Le message principal véhiculé par les campagnes de propagande est que la croissance démographique est responsable de tous les maux qui affligent les familles et la société vietnamienne. Ce message peut apparaître comme un bon moyen de dégager le régime de toute responsabilité et de la faire porter par les citoyens. Le schéma de sensibilisation à l'adoption de la planification familiale s'appuie sur une logique déterministe simple : cause unique des malheurs, conséquences individuelles et nationales déplorables, puis moyens individuels de les éviter. Ces messages recoupent pour partie la thématique malthusienne de Malthus, qui prônait une limitation stricte des naissances. En 1798, paraît, sans nom d'auteur, son Essai sur le principe de population, qui connaît un immense succès et déclenche de nombreuses polémiques.
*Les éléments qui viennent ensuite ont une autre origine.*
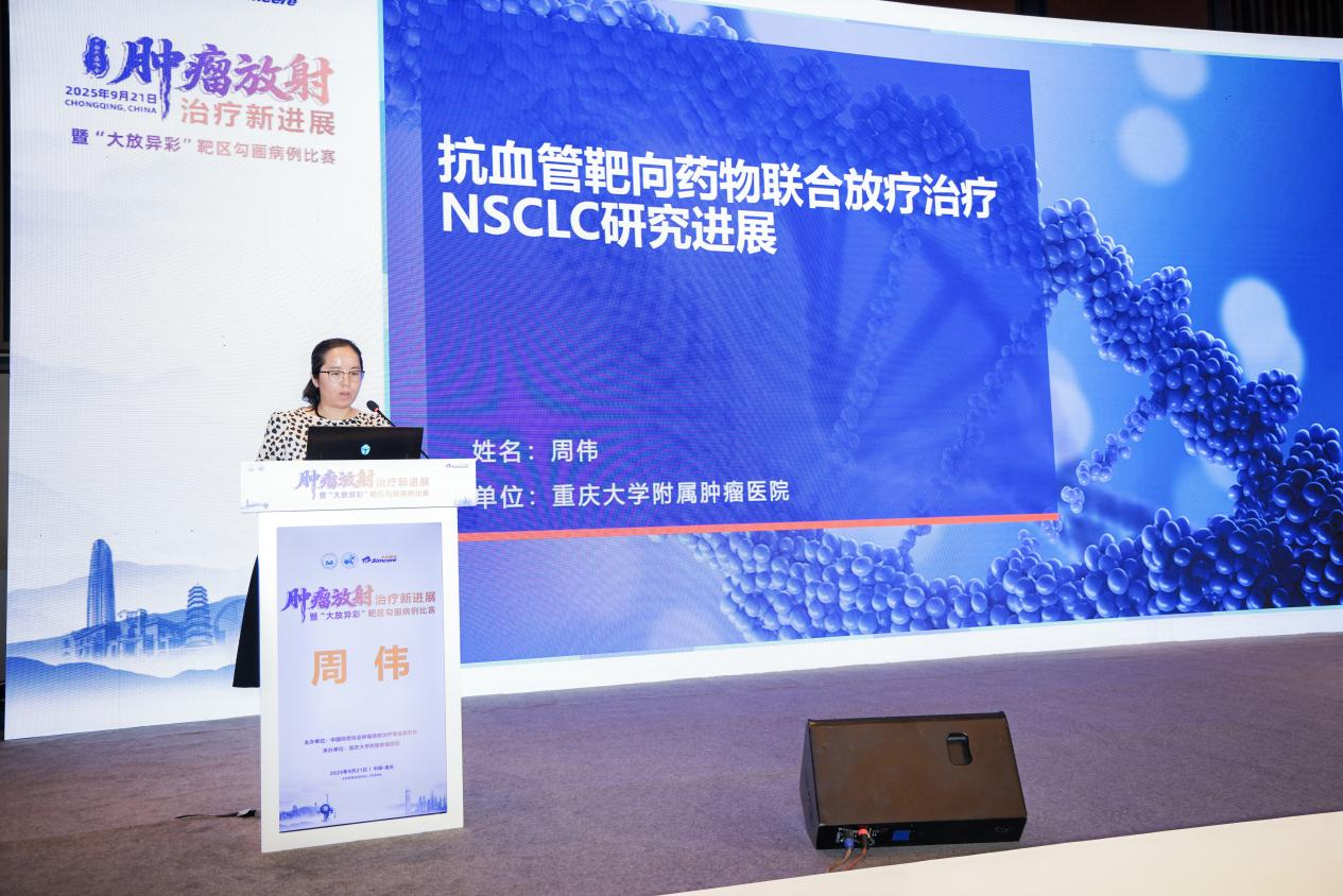 会议后半程,重庆大学附属肿瘤医院周伟教授分享了抗血管靶向药物联合放疗治疗 NSCLC 的研究进展,为肿瘤放射治疗领域带来新的思路。

Contre les réformateurs « moraux » qui attribuent au gouvernement la responsabilité des maux de la société, Malthus veut démontrer que ceux-ci viennent en réalité de lois naturelles et inéluctables. Parmi ces lois, la plus importante est la loi de la population, dont il propose une formulation mathématique : « Lorsque la population n'est arrêtée par aucun obstacle, elle double tous les 25 ans et croît, de période en période, selon une proportion géométrique ». Mais « les moyens de subsistance ne peuvent jamais augmenter plus rapidement que selon une progression arithmétique ». L'équilibre, selon Malthus, n'est rétabli que par les obstacles répressifs et par la « contrainte morale » (prévoyance intellectuelle et morale) qui limite les naissances. Il en déduit qu'il ne faut pas porter secours aux plus pauvres de manière à éviter leur multiplication...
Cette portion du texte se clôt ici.